K got the fantastic opportunity to go to NH this past weekend to celebrate her friend's 16th Birthday. The family took their 3 kids and 3 friends up to Loon for tubing, eating and skiing.
K skied when she was about 3. Then, soon after, she switched to snowboarding. She decided that she was going to try skiing again this weekend. Because I could not take her for a trial run before hand, I gave her lessons on how to put on skis and how to get in a pizza shape and how to keep her hands in front of her in our family room. That's normal, right?
Off she went on Friday . Periodically, I would get a text or find a picture on Twitter or Instagram of she and her friends having a blast.
Saturday morning, the texts started like this:
11:21 am We're on our way to the mountain! I am going to die....
11:40 am We are buying tickets.
11:42 am I am really nervous. I am going to die.
12:06 pm Wow, I am really good.
12:27 pm I haven't fallen once and I can stop and turn! I like this.
1:54 pm I am in a gondola!
3:39 pm Just got done and I hurt my thumb and it's a little swollen but I think it's fine.

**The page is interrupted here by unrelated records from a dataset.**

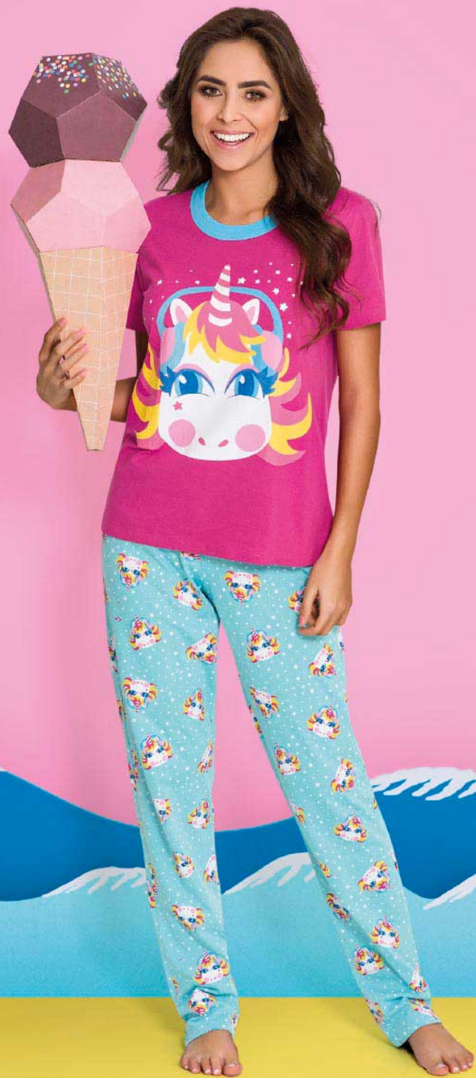
PIJAMA MM Ref. 10.01.0255 PP ao XG Malha: 100% Algodão Cor: Única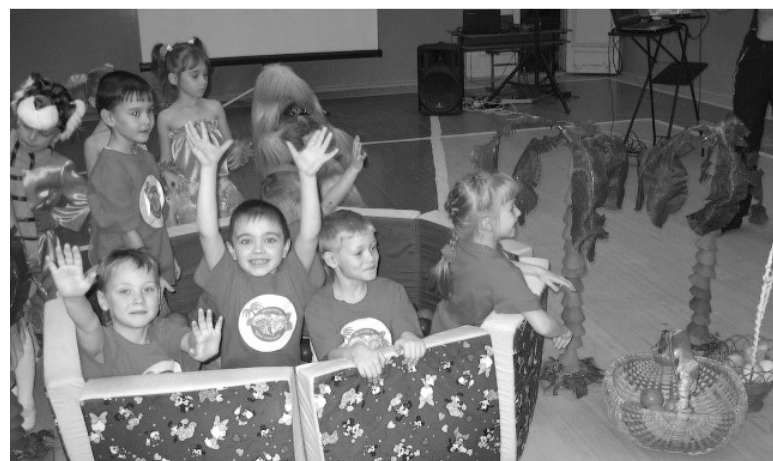
Вначале бассейн был полон фруктов.

Дети преодолевали переправу в джунглях, скакали верхом между кактусами, доставали из бассейна фрукты, показывая свою ловкость. Но главное – почувствовали дух соревнований, умение действовать в команде. Праздник состоялся, победила, традиционно, дружба. Забавные негритята команды-хозяйки пригласили всех в общий спортивный танец, а затем вручили участникам праздника гроздь бананов.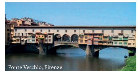
Ponte Vecchio, Firenze

Now, I have been around the slopes a few times. Need proof? Check out this
post and this
one. And I know that the most prominent injury on the slopes is broken thumbs/hands. My sister and brother had matching casts one year when they were in middle school. As she was describing her thumb through the evening, she mentioned how it was swelling and turning purple. I feared that when she got home, we would be taking a trip to the ER.
She helpfully sent a video of her thumb to me on her ride home. No, you do not need to see it.
Sure enough, we went to the ER when she got home. This was our 4th? visit in the past year. She manages to do things on weekends. Soon we will be calling and requesting our favorite nurses.
Sure enough: Broken.
I am currently waiting for the orthopedic Dr. to call and the Principal of the High School to hunt me down because she will not be able to take her MCAS (standardized testing) this week because she cannot write. I swear, never a dull moment.